Okay, I think I'm good here. I am fine with developers in "mutation happy"
situations deciding to avoid value types for "bigger" things (yet give
themselves a pass for smaller things).  For non-mutating cases that's where
I'd hope that a vague size threshold doesn't have to come into it, so if
you say the VM will make elective boxing decisions that's great I think.

Re: "Cloning a value type does not strictly make sense," well, *technically*
> when a value includes fields of Cloneable reference types, you might want a
> deep-clone of that. However I lean toward thinking this is too weird to
> bother supporting. Users should really be dissuaded from including
> references to *mutable* types in their value definition in the first
> place.
>
>
> Agree on clone() — best to let it rot, it’s halfway there already.  But
> here’s a value type I could imagine writing all the time:
>
>     value class Cursor<T> {
>         private T[] array;
>         private int offset;
>     }
>
> I can use a Cursor as a garbage-free Iterator.  But it refers into mutable
> objects (here, an array.)  (But note that the fields are private.)  I think
> the logical definition of equality here is “do they point at the same
> array, and at the same location.”
>

Using a value type for something that *isn't a value* raises alarm bells
for me.

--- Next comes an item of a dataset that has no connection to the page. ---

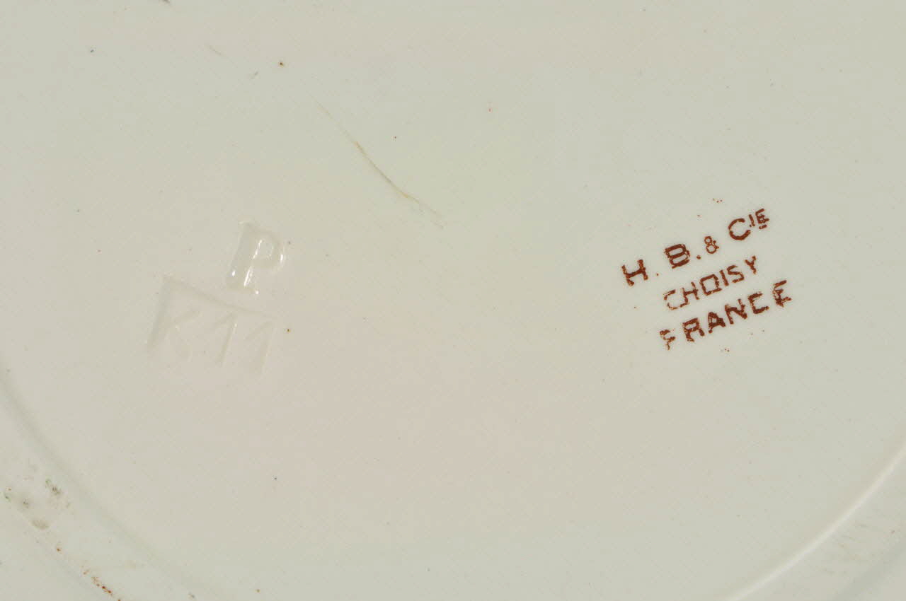 - faïence : moulé, émaillé-glacuré transparent, poinçonné-estampillé, imprimé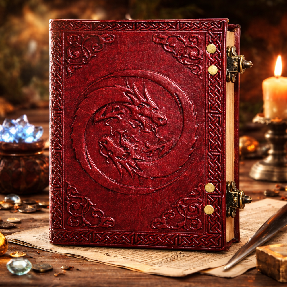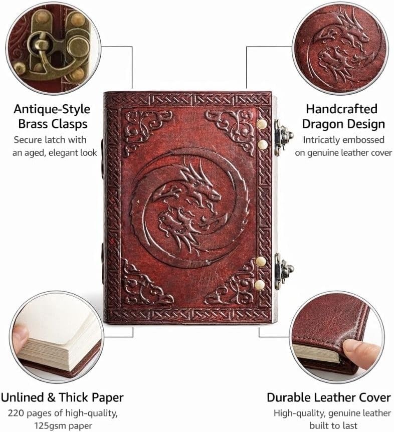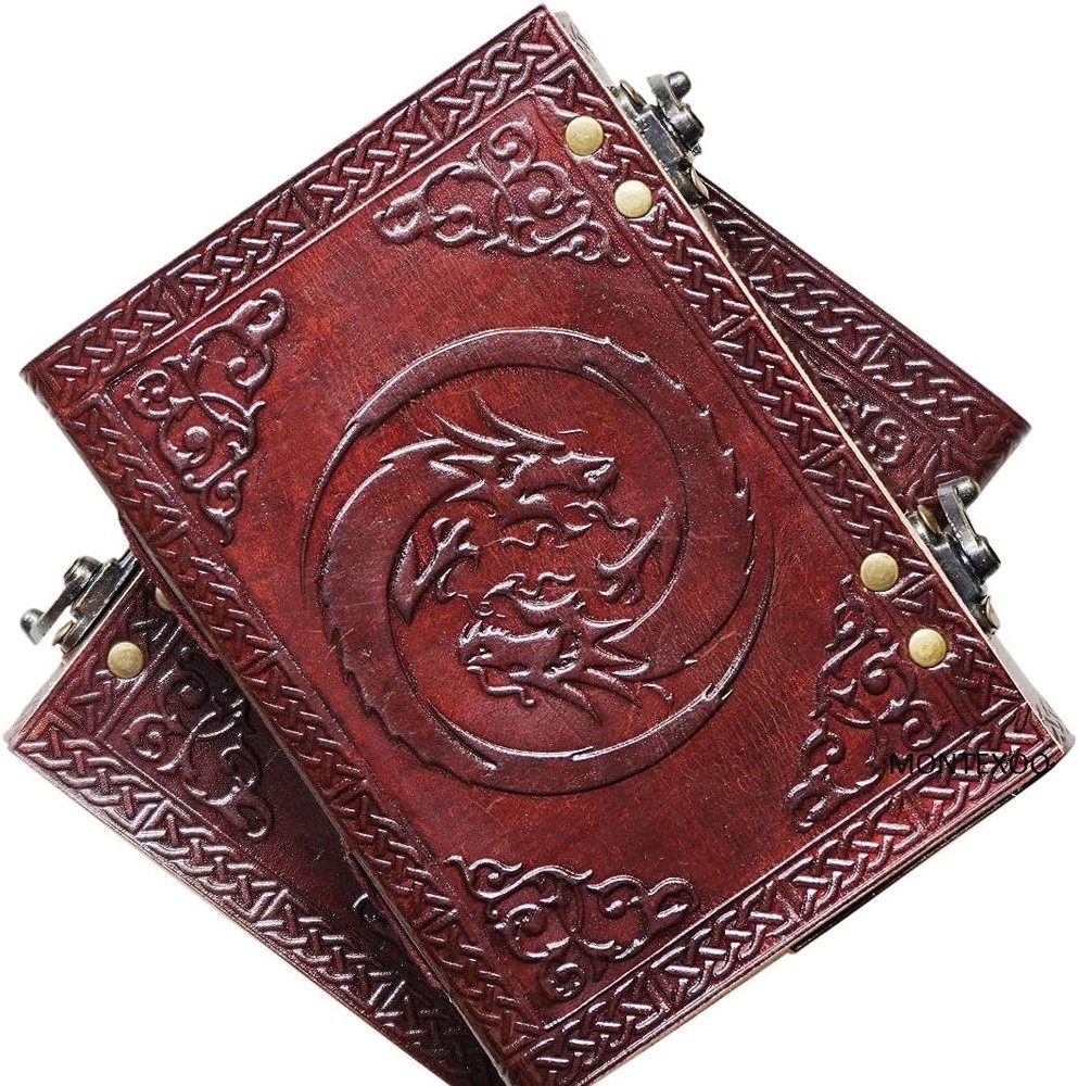 Unleash your creativity with this Handmade Leather Journal – Dragon Embossed Vintage Notebook Diary (7"x5") . Expertly crafted from genuine leather, this journal features a striking embossed dragon design that gives it a timeless, mystical appeal. The rustic finish and artisanal detailing make each piece unique. Designed for writers, artists, travelers, and dreamers, this compact journal is perfect for daily journaling, sketching, note-taking, or capturing ideas on the go. The smooth, unlined pages offer complete freedom for writing or drawing, while the durable leather cover ensures long-lasting use. Whether for personal use or as a thoughtful gift, this vintage leather diary is a stylish companion for creativity and self-expression. Key Features ✔ Premium Genuine Leather – Durable, soft, and naturally aged look ✔ Dragon Embossed Cover – Intricate design with a vintage aesthetic ✔ Perfect Size (7"x5") – Portable and travel-friendly ✔ 200 Unlined Pages – Ideal for writing, sketching & doodling ✔ Handmade Craftsmanship – Each journal is unique ✔ Multipurpose Use – Diary, notebook, sketchbook, planner ✔ Great Gift Idea – Perfect for students, writers, artists & creatives ✔ Vintage Rustic Style – Classic old-world charm

At the minimum I would expect this user to have to implement eq/hc
by hand, because the default behavior users want 99% of the time is (deep)
content-based equality.

Gratuitous aside about language syntax even though it is not actually
important right now: since we write "enum Foo" not "enum class Foo", I
would be quite surprised if we used "value class" here, since between the
two only enums are the ones that are real classes in every sense of the
word.